BEGIN LISTED ENTRIES
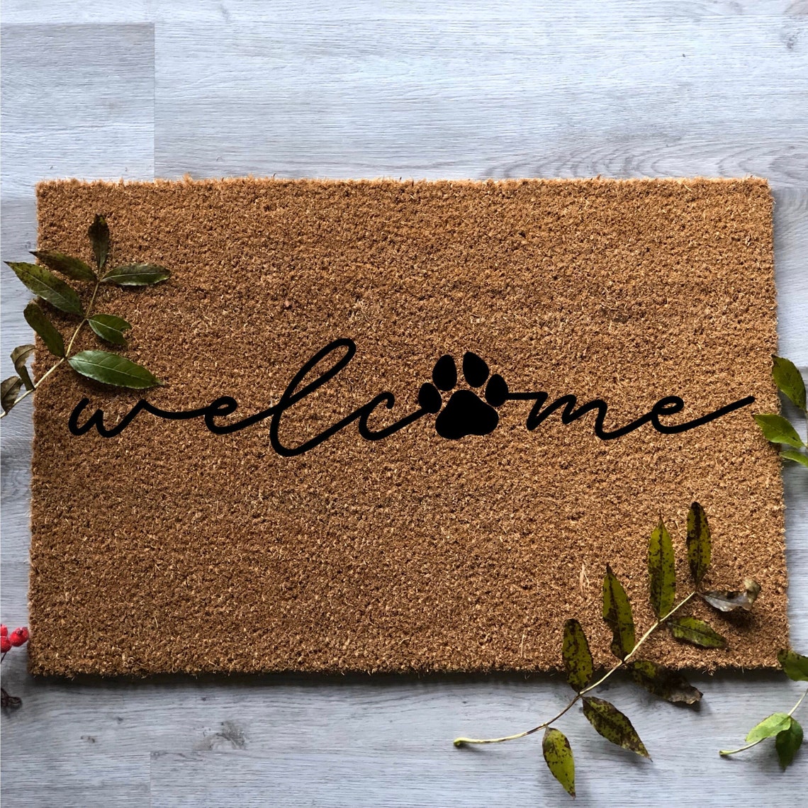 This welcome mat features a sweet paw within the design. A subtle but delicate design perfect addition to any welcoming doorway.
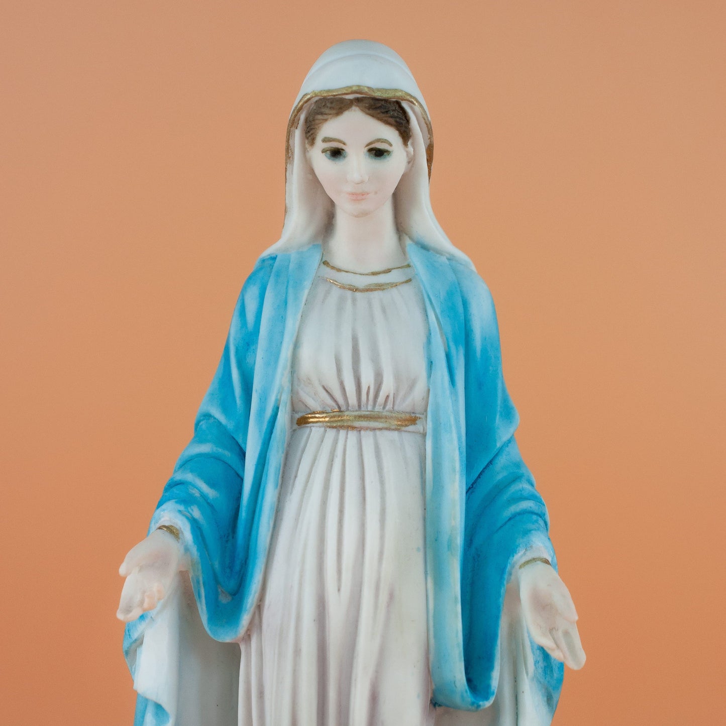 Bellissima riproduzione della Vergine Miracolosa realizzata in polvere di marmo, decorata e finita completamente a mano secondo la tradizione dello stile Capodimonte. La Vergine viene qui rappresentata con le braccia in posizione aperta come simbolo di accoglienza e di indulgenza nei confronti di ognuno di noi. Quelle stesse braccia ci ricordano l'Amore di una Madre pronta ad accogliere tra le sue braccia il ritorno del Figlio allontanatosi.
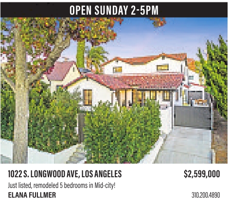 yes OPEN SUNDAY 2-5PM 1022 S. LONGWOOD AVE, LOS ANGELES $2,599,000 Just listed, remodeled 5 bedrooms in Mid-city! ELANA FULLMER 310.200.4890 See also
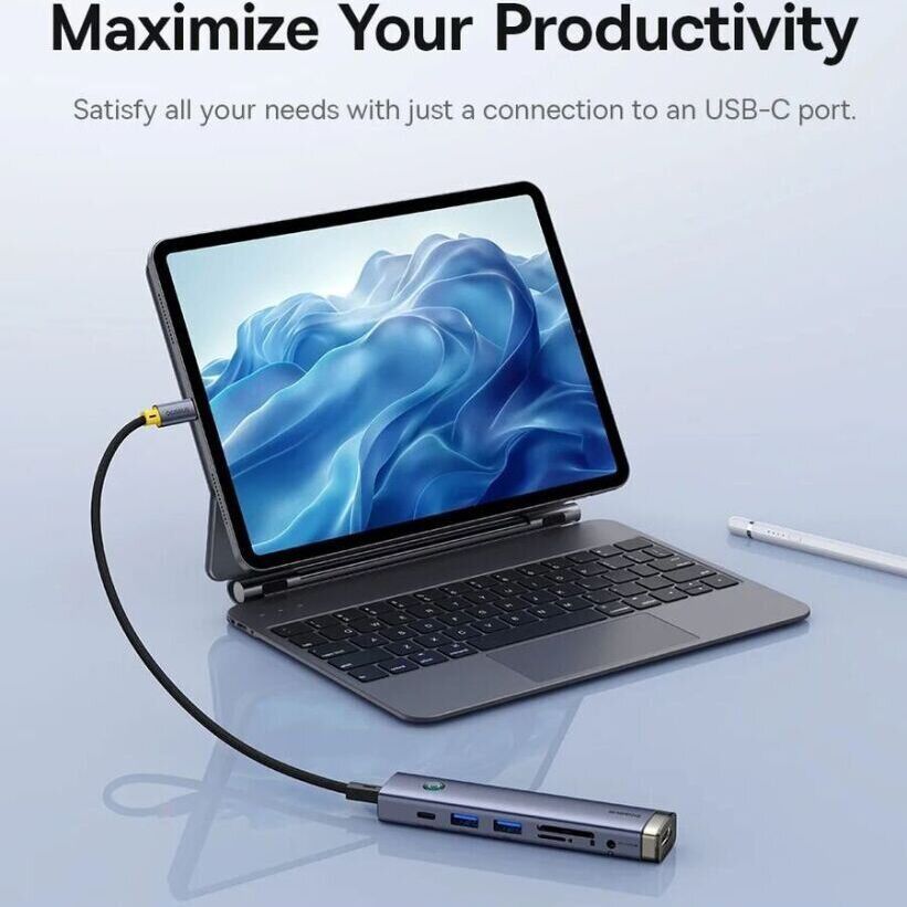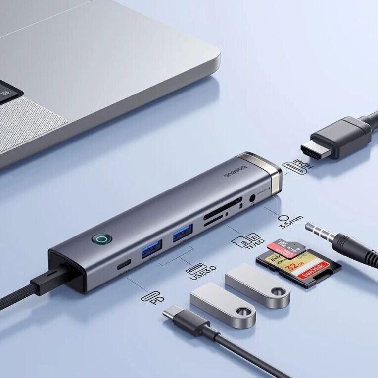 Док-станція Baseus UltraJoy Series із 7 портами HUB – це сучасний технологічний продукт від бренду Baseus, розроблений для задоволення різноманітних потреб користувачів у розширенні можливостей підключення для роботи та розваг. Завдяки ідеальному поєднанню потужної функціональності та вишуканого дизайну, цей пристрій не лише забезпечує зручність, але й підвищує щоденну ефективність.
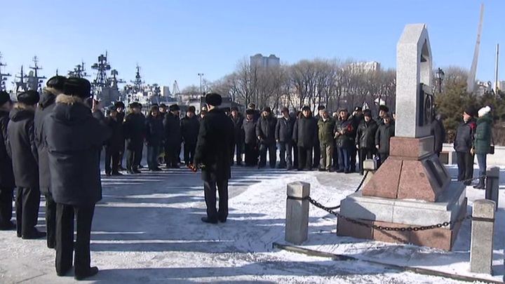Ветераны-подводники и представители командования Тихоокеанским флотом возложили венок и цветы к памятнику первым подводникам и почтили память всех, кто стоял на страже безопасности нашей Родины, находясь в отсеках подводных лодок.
END LISTED ENTRIES
BEGIN LISTED ENTRIES
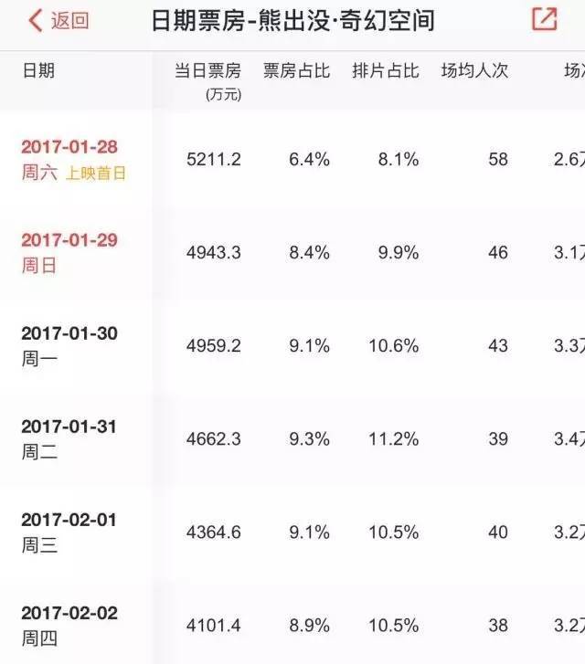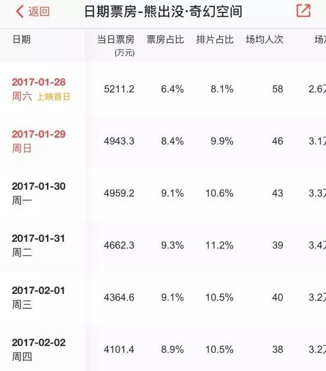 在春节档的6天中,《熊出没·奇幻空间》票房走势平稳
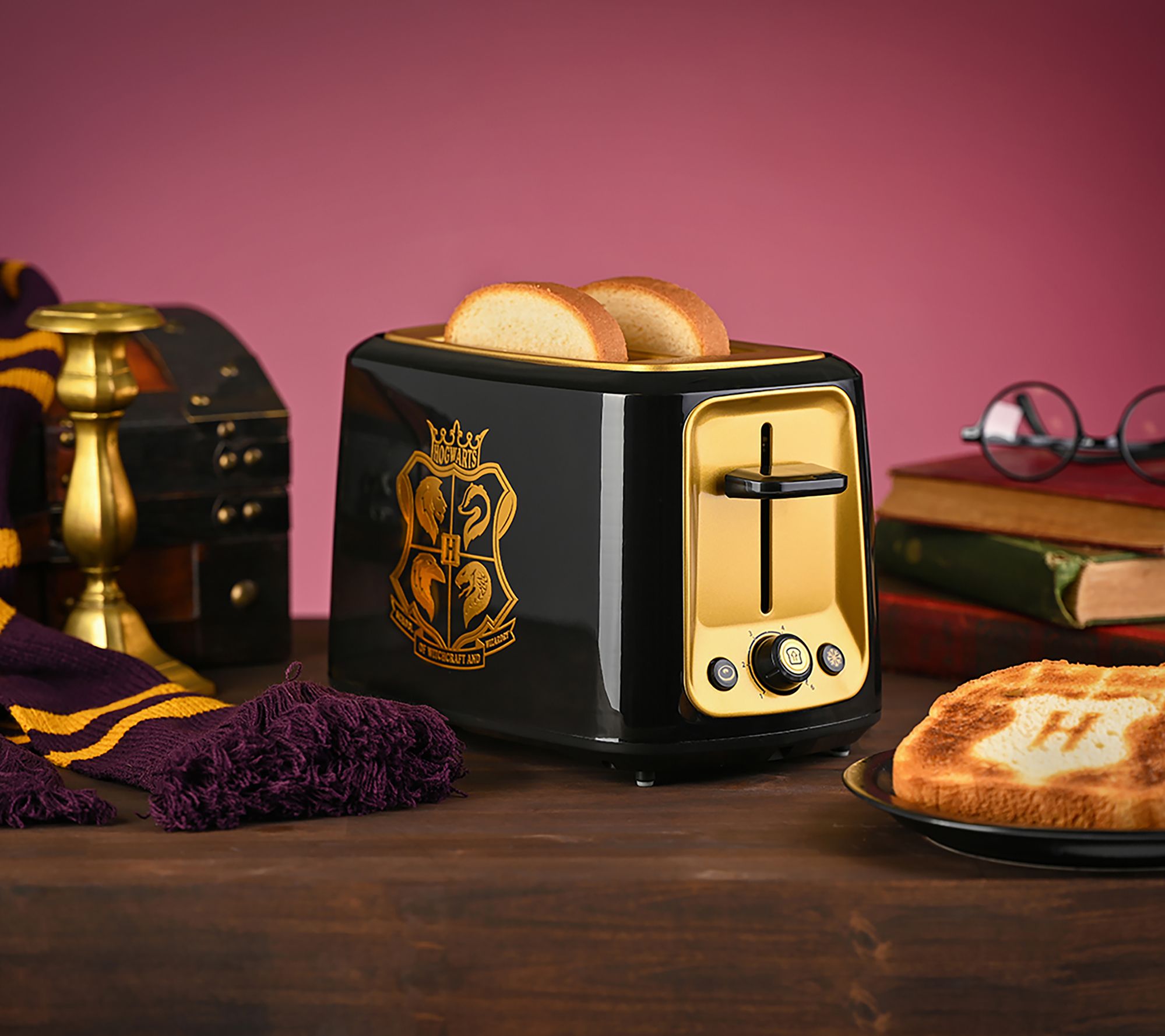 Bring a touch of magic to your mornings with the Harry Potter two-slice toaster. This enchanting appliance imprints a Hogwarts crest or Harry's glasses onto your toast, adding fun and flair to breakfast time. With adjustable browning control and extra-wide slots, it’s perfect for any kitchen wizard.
END LISTED ENTRIES
BEGIN LISTED ENTRIES
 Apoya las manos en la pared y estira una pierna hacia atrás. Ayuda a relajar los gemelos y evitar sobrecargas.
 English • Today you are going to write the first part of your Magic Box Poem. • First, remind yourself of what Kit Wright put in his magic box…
END LISTED ENTRIES
REQUIRED WORK:
Leaving out the pictures, please output the lines in the entries above from the one with "This welcome mat" through the one with "Bellissima riproduzione della", exactly as they are.

TASK RESPONSE:
 This welcome mat features a sweet paw within the design. A subtle but delicate design perfect addition to any welcoming doorway.
 Bellissima riproduzione della Vergine Miracolosa realizzata in polvere di marmo, decorata e finita completamente a mano secondo la tradizione dello stile Capodimonte. La Vergine viene qui rappresentata con le braccia in posizione aperta come simbolo di accoglienza e di indulgenza nei confronti di ognuno di noi. Quelle stesse braccia ci ricordano l'Amore di una Madre pronta ad accogliere tra le sue braccia il ritorno del Figlio allontanatosi.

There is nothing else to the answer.